Removed my Webster 288-1 wire recorder from less than optimal storage conditions yesterday.

Electronic Memory?

No. Magnetic Media.. ..let's take a closer look at that, shall we?

A ferrous thread, upon which resides the imprint of brute force magnetics. Granted, there are supporting electronics involved, but given our current vantage point in regards to technology this device seems a few generations removed from "Electronic Memory". I wonder what form our current technical parlance would take, had this use of words stuck.

Beautiful logo. I can't fault the machine or designers (or, as is more probable the case: marketing) for such goofy use of terminology. It adds to the charm.

Input is a three pin Beau / Cinch-Jones connector.

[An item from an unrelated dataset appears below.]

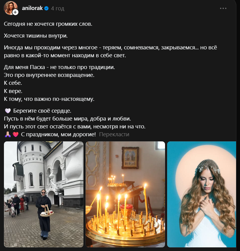 12 квітня Лорак опублікувала пост у Threads, де позує в церкві з великоднім кошиком. Російською мовою вона видала порцію роздумів про "внутрішнє повернення до себе".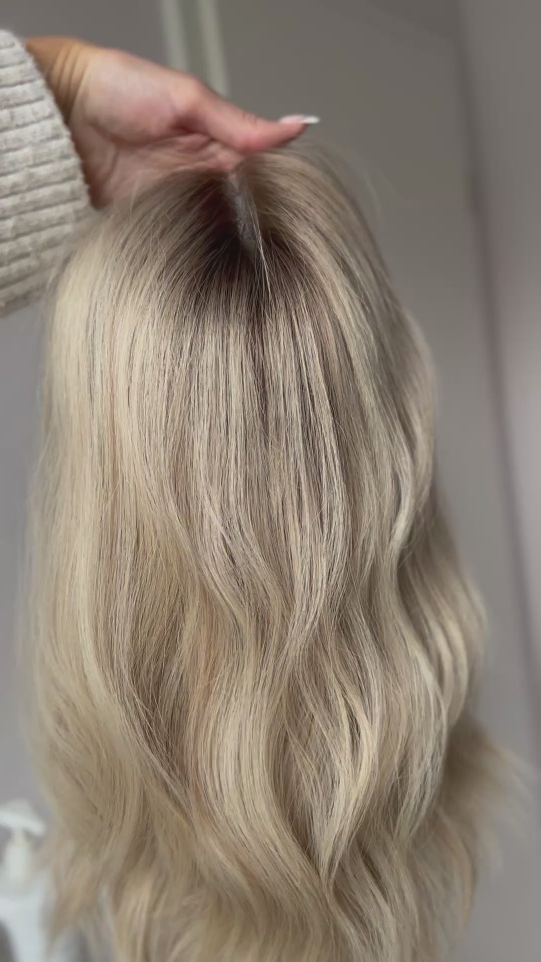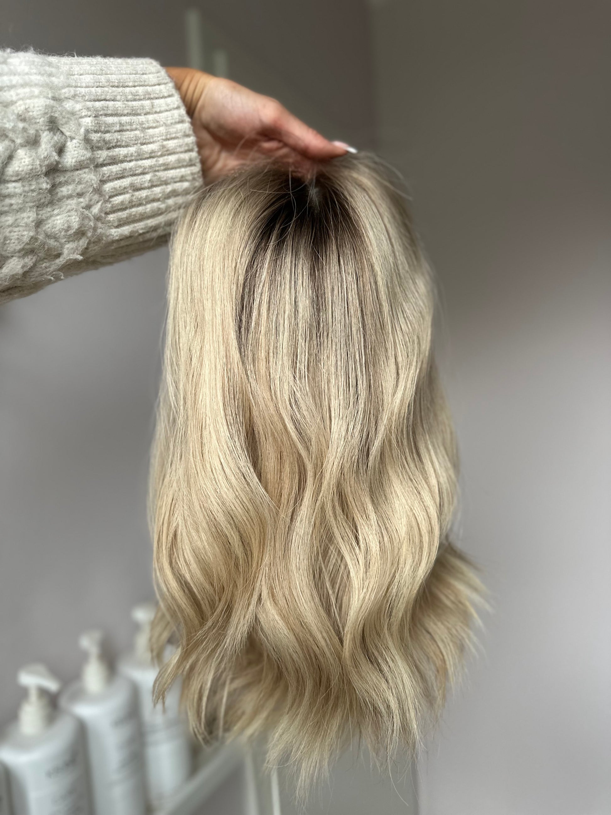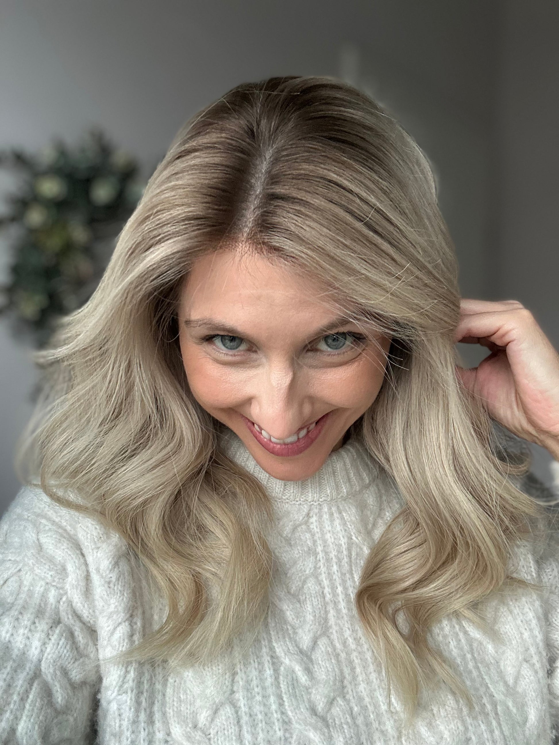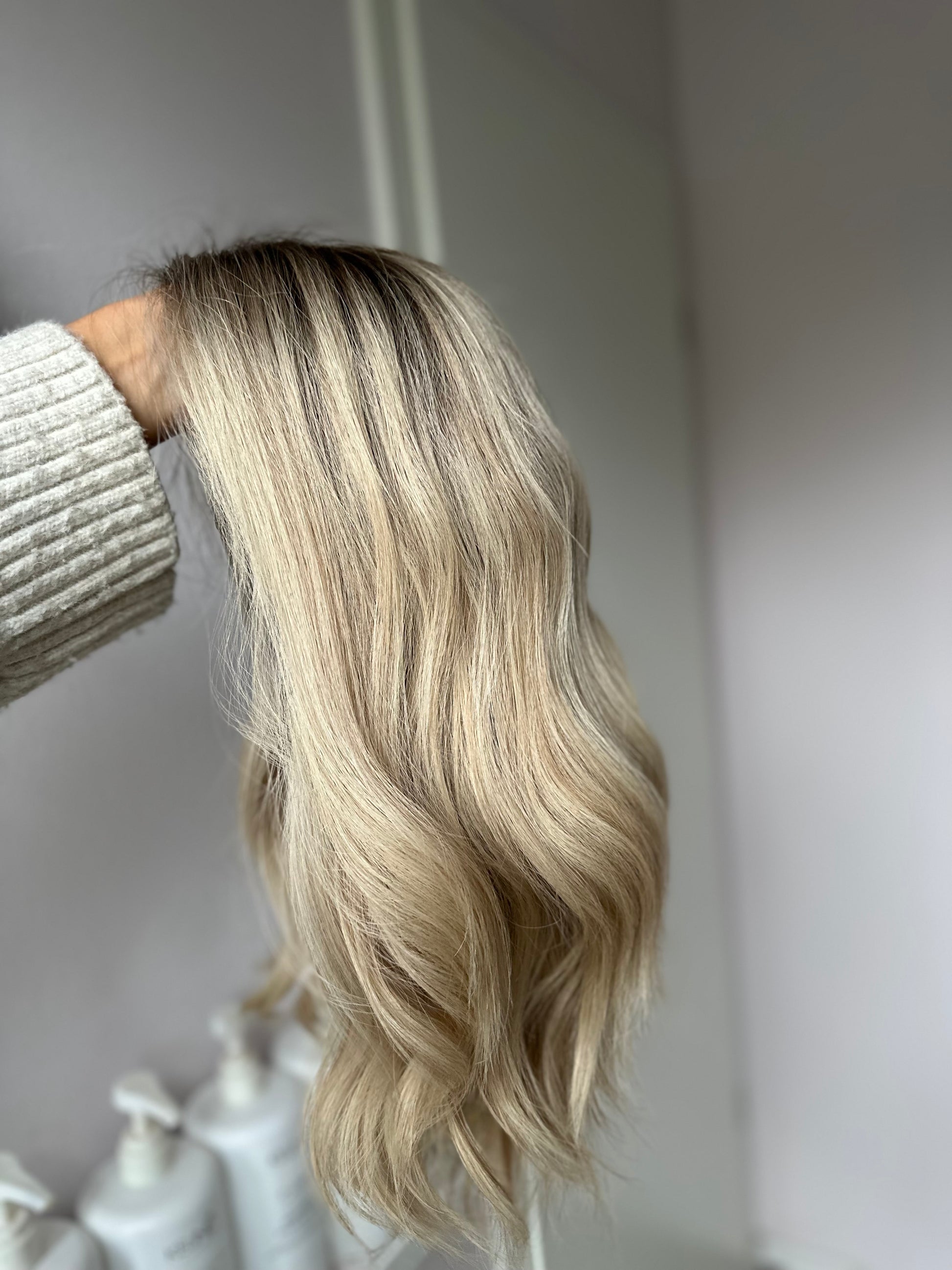 • Aschig brauner Ansatz in kühle hellblonde Längen

Today was the first time I've seen reference to Beau in regards to the classic Cinch-Jones plug configuration. I approve. Looks like a recent company, hopefully they will support and provide all manner of "antiquated" connectors.

I was quite apprehensive about cracking the closed case after retrieving this from a humid environment, thankfully it would appear as if adverse effects were somewhat minimal. This moldy looking splotch bears the outline of the knobs for good reason, that point is situated in very close proximity to the bakelite knob. A few thoughts spring to mind: Perhaps as the organic elements of the material decompose an outgassing of molecular nutrients is deposited on nearby surfaces, establishing a rich base upon which mold grows. Perhaps the mark is a build up of deposits of the vapor itself. Or maybe it is mold and just prefers to grow where air movement is minimized. I'm still considering the mold theory suspect, I believe this is a very early stage of the white film problem I spoke of here.

Eh, I'll be happy if it cleans up and doesn't return now that the Webster is safely back to climate control.